To fail to take a strong public stand against policies and procedures that have already affected at least two well-known USFA members and may yet affect others is to implicitly approve such actions. While I understand the desire to avoid making a public fuss, this is exactly the sort of situation which requires a public fuss. That two United States citizens could be pulled aside on what can only be interpreted as the basis of race, religion, or culture is chilling. That effect can only be more threatening to those of our members who are legal residents, but not yet citizens.

A significant number of the referees and other officials the USFA depends on to staff our domestic tournaments and serve as part of international team cadres are immigrants and permanent residents. Impingements on their freedom to travel on our behalf have the potential to discourage their service and hamper our operations. Were such incidents to continue or increase, we could also expect to see fewer international competitors and officials willing to travel to the United States, and might find our ability to win bids to host World Cups, Championships, and even the Olympic Games compromised.

Beyond any practical potential effects of these troubling incidents is the simple fact that what happened to Ibti and Abdel was simply wrong. Like that of the United States itself, the history of the United States Fencing Association is not free of policies and periods of which it now has reason to be ashamed. Do not allow these incidents to join that part of our history. Do not allow these incidents to pass without notice or protest.
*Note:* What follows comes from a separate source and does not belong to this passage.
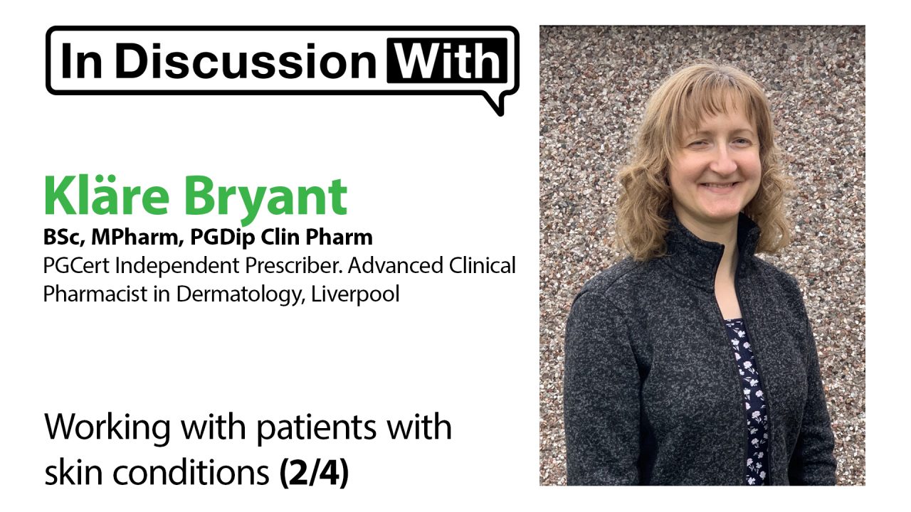 Kläre Bryant is an advanced clinical pharmacist in dermatology at Liverpool University Hospitals NHS foundation trust. She has an outpatient clinic at Broadgreen Hospital for patients receiving biologic therapies and another clinic at Aintree hospital for patients receiving systemic disease modifying anti-rheumatic drugs (DMARDs)

I urge you to strengthen the language of this motion to make clear that it is meant to specifically address threats to our members’ ability to travel freely, and then to approve it and urge other sports NGBs, as well as the USOC, to take similar strong public stands. I also recommend that the USFA provide appropriate information about travel rights and contacts for legal representation to any and all who travel internationally on the USFA’s behalf.